[Data items]
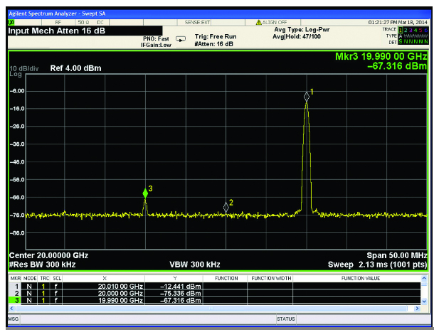 - Figure 2: Spectrum plot of HMC773A passive mixer vs HMC8191 IQ mixers at IF input of 1 GHz and LO input of 16 GHz
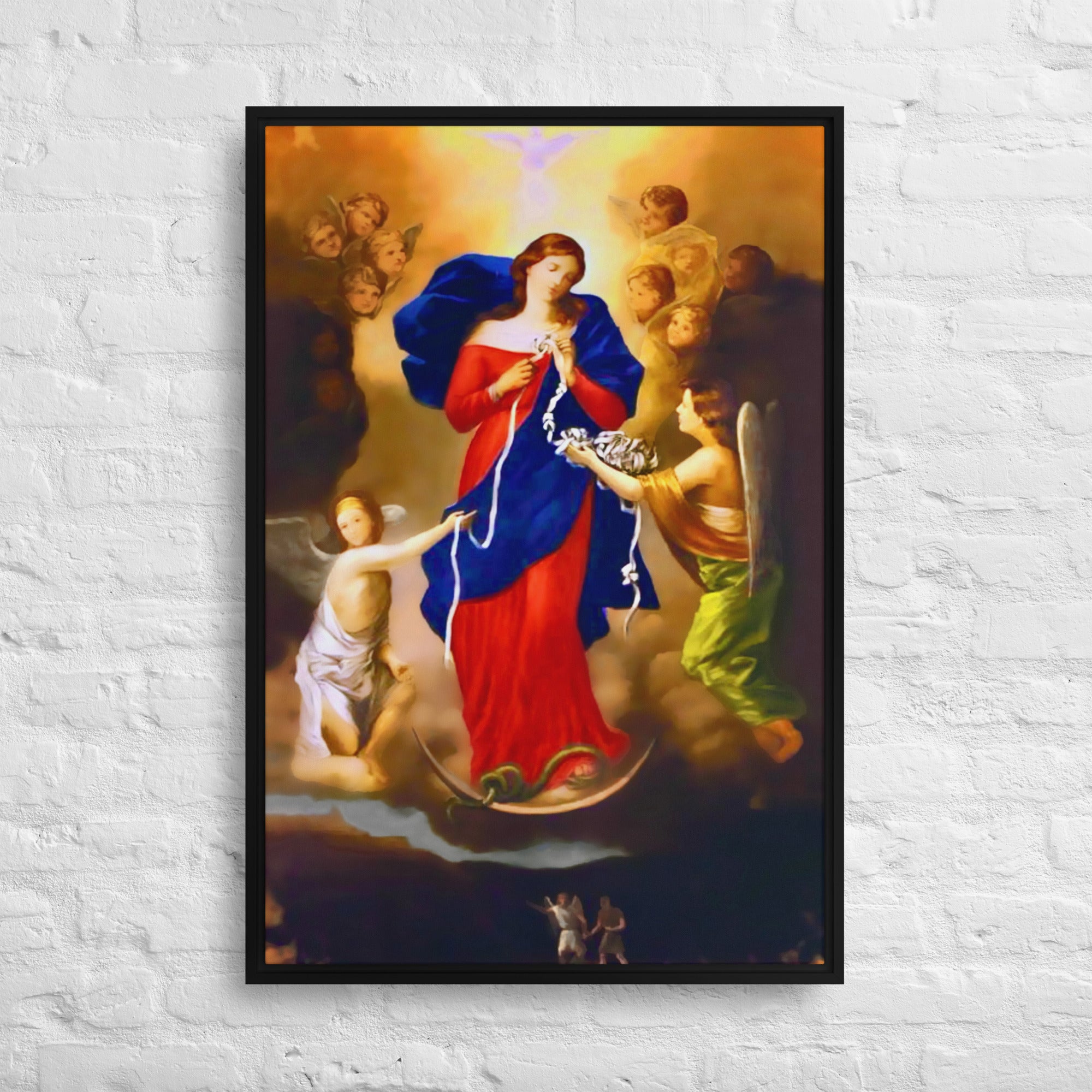 Our digitally-restored version of the Undoer of Knots painting is presented here on a high-quality canvas print. Please note that the largest option shows more of the painting's top and bottom, while the rest are slightly cropped to feature more of the painting's focus: Our Lady.
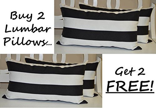Studio : Resort Spa Home Decor Publisher : Resort Spa Home Decor Product Description Set of 2 - 11"x 19" Indoor / Outdoor Decorative Rectangle / Lumbar Throw Pillows 2 FREE Indoor / Outdoor Black and White Stripe Fabric - Pillows are filled with soft, premium, hypo-allergenic poly-fiberfill - New - Made with weather and wear resistant fabric. Water Resistant, Fade Resistant, Soil Resistant. Listing is 2 (two) rectangle / lumbar pillows 2 (TWO) FREE PILLOWS Buy 2 Get 2 Free! (Total Quantity 4) Indoor/Outdoor Pillows can be used as outdoor decor, outdoor back cushion/pillow, rocking chair pillow/cushion, Adirondack pillow, swing pillow - Also great for indoor home decor! Made of 100% Spun Poly UV-treated fabric for fade resistance Soil resistant, mildew resistant Easy care: sponge wash with soap and water, air dry; fast drying Factory Direct Best quality, best value, best selection...anywhere.....guaranteed. Wonderfully made in the USA.........Just Relax........ 0
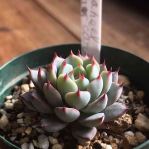 おはようございます( ^ω^ )☀️ 粉が綺麗な青白ピンク色の謎多肉🎵 たぶんエケベリアの何か? 可愛いから名前分かんなくてもいいわー😆 うちの多肉そんなん多い気がする💧Σ(×_×;) この子は『蒼星』と判明しました✨ まめきちさんありがとうございました(*´ω`)💓 さっ名札書かねば‼️🏃💨💨💨
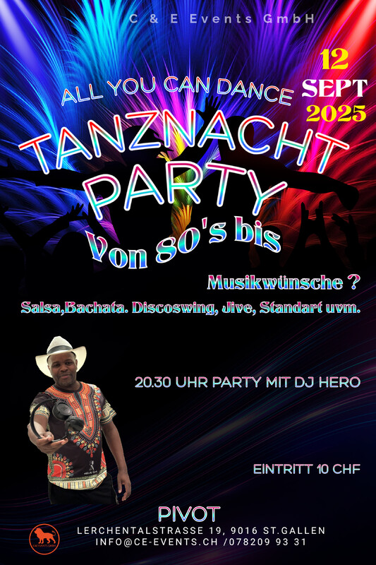 Lasst uns abtanzen und das Leben feiern am Samstag den 12. Sepzember im Pivot in St.Gallen!!! ALL YOU CAN DANCE PARTYNACHT Party ab 20.30 Uhr mit DJ Hero mit Salsa, Bachata, Discofox, Jive, Cha Cha Cha uvm. Party: 10 CHF Eintritt Infos: Phone 078 209 93 31 oder bper Mail an info@ce-events.ch Wir freuen uns auf einen schönen Abend mit Euch! C & E Events GmbH/Pivot
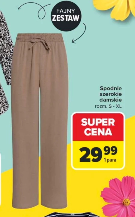 Spodnie szerokie damskie w rozmiarach od S do XL można nabyć w ofercie Carrefour w super cenie 29,99 za jedną parę. Ten model odznacza się luźnym krojem, który zapewnia swobodę ruchów i wygodę podczas codziennego noszenia. Produkt stanowi praktyczny element garderoby dopasowany do różnych sylwetek dzięki dostępności wielu rozmiarów. Warto skorzystać z tej okazji cenowej i uzupełnić szafę o wygodne spodnie. Oferta ważna od 2026-04-07 do 2026-04-18 Źródło: gazetka Carrefour
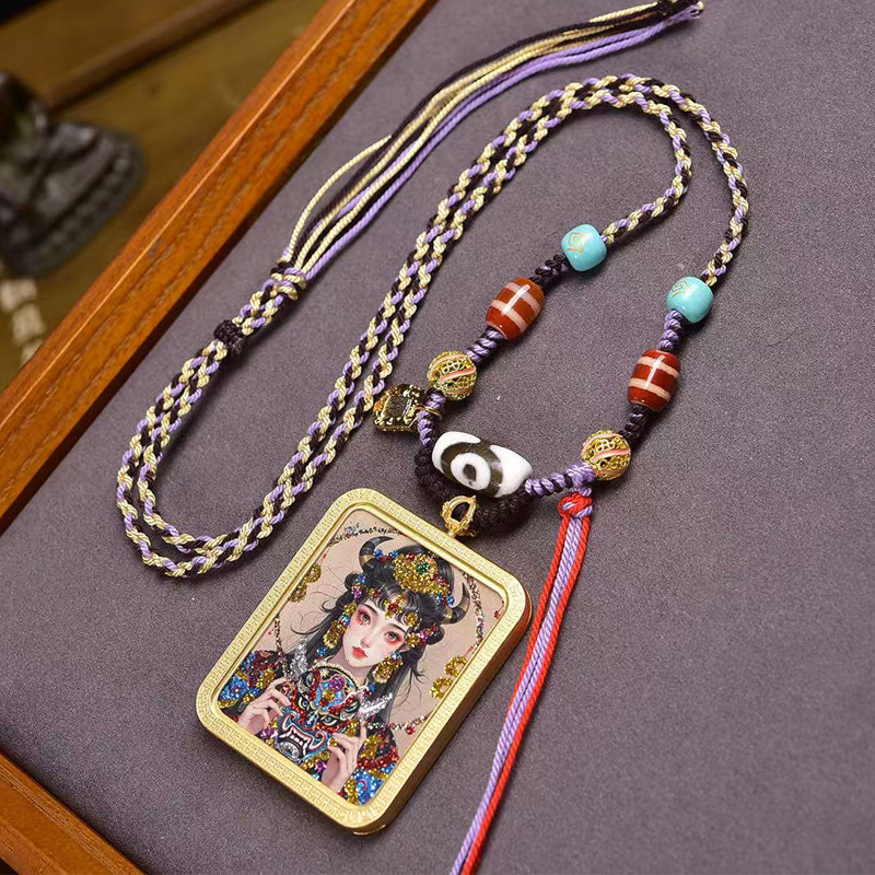 Xizang Hand-painted Thangka Past and Present Buddha Pendant Hand-woven Rope Necklace Pendant Xizang-style Neck Sweater Chain
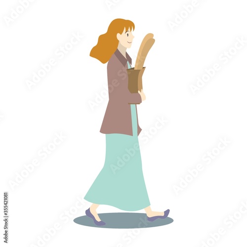 © captainvector, Obraz premium woman walking with grocery bag
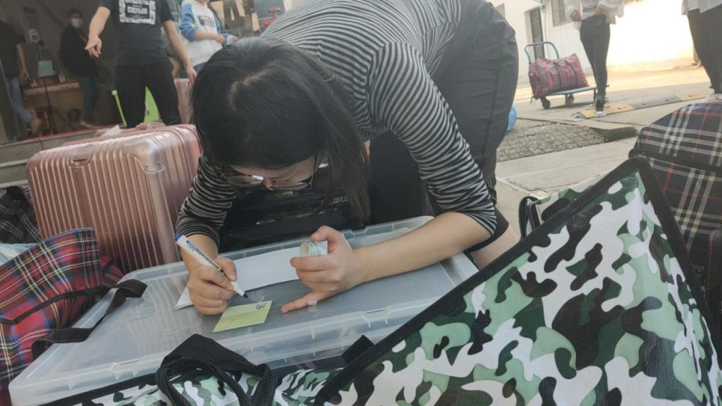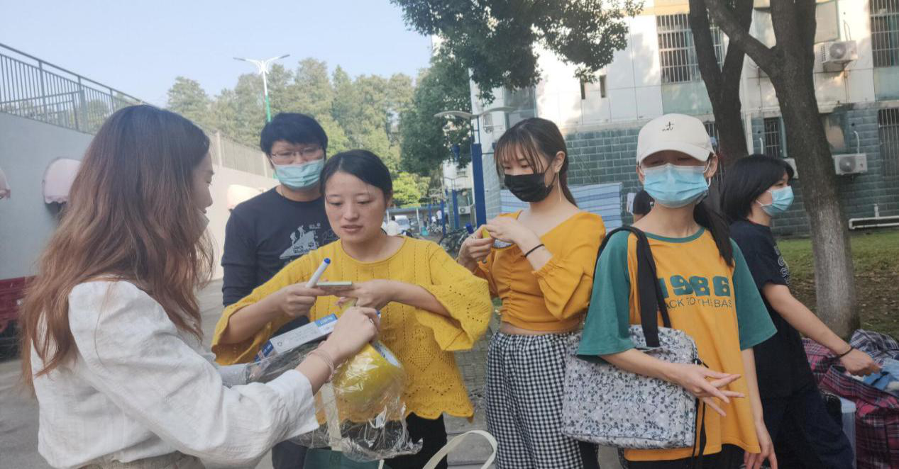 为同学分发便利贴,记号笔,胶带在各自行李上做好标记,方便之后男生帮助女生将行李送到各个寝室,实现两个楼栋包裹的全程记录和跟进,保障各环节无误实现无缝对接。在此之前,由刘帅老师带领三栋各个寝室代表领取学校免费为学生提供的编织袋,同学们按照要求打包行李并做好个人信息的标注。
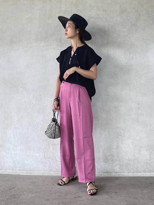 ピンクのパンツを選ぶと、パンツコーデもフェミニンに見えますよ♡

What you need to do: Transcribe the lines that run from the line bearing "Xizang Hand-painted Thangka" through the last line of the data. Keep the wording exact and leave out every picture.

Solution:
 Xizang Hand-painted Thangka Past and Present Buddha Pendant Hand-woven Rope Necklace Pendant Xizang-style Neck Sweater Chain
 © captainvector, Obraz premium woman walking with grocery bag
 为同学分发便利贴,记号笔,胶带在各自行李上做好标记,方便之后男生帮助女生将行李送到各个寝室,实现两个楼栋包裹的全程记录和跟进,保障各环节无误实现无缝对接。在此之前,由刘帅老师带领三栋各个寝室代表领取学校免费为学生提供的编织袋,同学们按照要求打包行李并做好个人信息的标注。
 ピンクのパンツを選ぶと、パンツコーデもフェミニンに見えますよ♡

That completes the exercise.